§ **Exercise brief**
The reply must reproduce each line below exactly.
-.-.-
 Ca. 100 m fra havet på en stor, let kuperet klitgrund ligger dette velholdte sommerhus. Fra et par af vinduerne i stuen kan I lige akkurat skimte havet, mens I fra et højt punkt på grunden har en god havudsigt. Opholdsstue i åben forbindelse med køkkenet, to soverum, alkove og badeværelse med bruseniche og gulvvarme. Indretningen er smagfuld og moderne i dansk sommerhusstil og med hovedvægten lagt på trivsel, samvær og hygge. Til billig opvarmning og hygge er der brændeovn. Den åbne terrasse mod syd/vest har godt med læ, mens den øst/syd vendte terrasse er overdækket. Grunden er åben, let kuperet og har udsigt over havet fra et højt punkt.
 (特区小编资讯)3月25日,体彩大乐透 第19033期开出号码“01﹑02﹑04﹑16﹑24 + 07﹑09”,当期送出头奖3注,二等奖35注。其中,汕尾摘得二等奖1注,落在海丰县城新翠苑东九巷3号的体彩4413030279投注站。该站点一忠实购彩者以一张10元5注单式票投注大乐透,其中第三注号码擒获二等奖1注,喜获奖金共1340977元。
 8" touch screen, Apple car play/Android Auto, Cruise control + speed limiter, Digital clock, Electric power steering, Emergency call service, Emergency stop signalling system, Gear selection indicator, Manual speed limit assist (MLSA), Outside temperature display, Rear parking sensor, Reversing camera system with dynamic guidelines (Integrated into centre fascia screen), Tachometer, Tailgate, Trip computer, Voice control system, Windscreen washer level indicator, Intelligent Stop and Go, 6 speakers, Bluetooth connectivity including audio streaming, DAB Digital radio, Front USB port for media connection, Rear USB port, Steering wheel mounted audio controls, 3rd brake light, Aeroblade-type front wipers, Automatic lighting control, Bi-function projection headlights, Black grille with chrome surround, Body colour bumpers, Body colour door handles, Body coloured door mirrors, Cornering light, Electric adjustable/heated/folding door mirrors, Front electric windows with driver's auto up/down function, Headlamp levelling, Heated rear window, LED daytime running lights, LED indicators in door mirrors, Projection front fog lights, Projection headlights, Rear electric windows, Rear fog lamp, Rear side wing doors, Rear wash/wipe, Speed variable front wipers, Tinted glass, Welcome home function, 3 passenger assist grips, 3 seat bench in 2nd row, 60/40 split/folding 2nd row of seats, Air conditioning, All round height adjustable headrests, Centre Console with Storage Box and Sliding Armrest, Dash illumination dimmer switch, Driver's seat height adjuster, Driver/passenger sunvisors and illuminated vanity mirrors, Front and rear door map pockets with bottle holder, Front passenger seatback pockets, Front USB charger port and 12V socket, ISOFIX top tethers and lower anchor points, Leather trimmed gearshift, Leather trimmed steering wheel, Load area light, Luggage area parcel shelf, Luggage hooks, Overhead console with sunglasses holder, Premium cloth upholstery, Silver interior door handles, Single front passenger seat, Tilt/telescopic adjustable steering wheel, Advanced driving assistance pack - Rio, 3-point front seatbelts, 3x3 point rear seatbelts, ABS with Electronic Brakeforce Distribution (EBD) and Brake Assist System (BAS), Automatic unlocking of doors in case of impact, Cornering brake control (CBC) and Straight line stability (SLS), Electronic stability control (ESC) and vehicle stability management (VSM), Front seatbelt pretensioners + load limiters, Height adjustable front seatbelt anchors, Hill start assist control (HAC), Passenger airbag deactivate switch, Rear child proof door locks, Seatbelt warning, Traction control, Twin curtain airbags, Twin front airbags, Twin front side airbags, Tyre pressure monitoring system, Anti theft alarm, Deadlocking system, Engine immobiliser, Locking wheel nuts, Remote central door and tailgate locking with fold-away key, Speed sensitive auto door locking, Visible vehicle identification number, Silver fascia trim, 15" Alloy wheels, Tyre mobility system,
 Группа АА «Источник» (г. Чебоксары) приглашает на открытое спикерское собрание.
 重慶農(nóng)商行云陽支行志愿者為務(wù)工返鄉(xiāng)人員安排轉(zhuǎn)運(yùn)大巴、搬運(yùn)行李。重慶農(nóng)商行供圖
-.-.-
§ **Reply to the task**
 Ca. 100 m fra havet på en stor, let kuperet klitgrund ligger dette velholdte sommerhus. Fra et par af vinduerne i stuen kan I lige akkurat skimte havet, mens I fra et højt punkt på grunden har en god havudsigt. Opholdsstue i åben forbindelse med køkkenet, to soverum, alkove og badeværelse med bruseniche og gulvvarme. Indretningen er smagfuld og moderne i dansk sommerhusstil og med hovedvægten lagt på trivsel, samvær og hygge. Til billig opvarmning og hygge er der brændeovn. Den åbne terrasse mod syd/vest har godt med læ, mens den øst/syd vendte terrasse er overdækket. Grunden er åben, let kuperet og har udsigt over havet fra et højt punkt.
 (特区小编资讯)3月25日,体彩大乐透 第19033期开出号码“01﹑02﹑04﹑16﹑24 + 07﹑09”,当期送出头奖3注,二等奖35注。其中,汕尾摘得二等奖1注,落在海丰县城新翠苑东九巷3号的体彩4413030279投注站。该站点一忠实购彩者以一张10元5注单式票投注大乐透,其中第三注号码擒获二等奖1注,喜获奖金共1340977元。
 8" touch screen, Apple car play/Android Auto, Cruise control + speed limiter, Digital clock, Electric power steering, Emergency call service, Emergency stop signalling system, Gear selection indicator, Manual speed limit assist (MLSA), Outside temperature display, Rear parking sensor, Reversing camera system with dynamic guidelines (Integrated into centre fascia screen), Tachometer, Tailgate, Trip computer, Voice control system, Windscreen washer level indicator, Intelligent Stop and Go, 6 speakers, Bluetooth connectivity including audio streaming, DAB Digital radio, Front USB port for media connection, Rear USB port, Steering wheel mounted audio controls, 3rd brake light, Aeroblade-type front wipers, Automatic lighting control, Bi-function projection headlights, Black grille with chrome surround, Body colour bumpers, Body colour door handles, Body coloured door mirrors, Cornering light, Electric adjustable/heated/folding door mirrors, Front electric windows with driver's auto up/down function, Headlamp levelling, Heated rear window, LED daytime running lights, LED indicators in door mirrors, Projection front fog lights, Projection headlights, Rear electric windows, Rear fog lamp, Rear side wing doors, Rear wash/wipe, Speed variable front wipers, Tinted glass, Welcome home function, 3 passenger assist grips, 3 seat bench in 2nd row, 60/40 split/folding 2nd row of seats, Air conditioning, All round height adjustable headrests, Centre Console with Storage Box and Sliding Armrest, Dash illumination dimmer switch, Driver's seat height adjuster, Driver/passenger sunvisors and illuminated vanity mirrors, Front and rear door map pockets with bottle holder, Front passenger seatback pockets, Front USB charger port and 12V socket, ISOFIX top tethers and lower anchor points, Leather trimmed gearshift, Leather trimmed steering wheel, Load area light, Luggage area parcel shelf, Luggage hooks, Overhead console with sunglasses holder, Premium cloth upholstery, Silver interior door handles, Single front passenger seat, Tilt/telescopic adjustable steering wheel, Advanced driving assistance pack - Rio, 3-point front seatbelts, 3x3 point rear seatbelts, ABS with Electronic Brakeforce Distribution (EBD) and Brake Assist System (BAS), Automatic unlocking of doors in case of impact, Cornering brake control (CBC) and Straight line stability (SLS), Electronic stability control (ESC) and vehicle stability management (VSM), Front seatbelt pretensioners + load limiters, Height adjustable front seatbelt anchors, Hill start assist control (HAC), Passenger airbag deactivate switch, Rear child proof door locks, Seatbelt warning, Traction control, Twin curtain airbags, Twin front airbags, Twin front side airbags, Tyre pressure monitoring system, Anti theft alarm, Deadlocking system, Engine immobiliser, Locking wheel nuts, Remote central door and tailgate locking with fold-away key, Speed sensitive auto door locking, Visible vehicle identification number, Silver fascia trim, 15" Alloy wheels, Tyre mobility system,
 Группа АА «Источник» (г. Чебоксары) приглашает на открытое спикерское собрание.
 重慶農(nóng)商行云陽支行志愿者為務(wù)工返鄉(xiāng)人員安排轉(zhuǎn)運(yùn)大巴、搬運(yùn)行李。重慶農(nóng)商行供圖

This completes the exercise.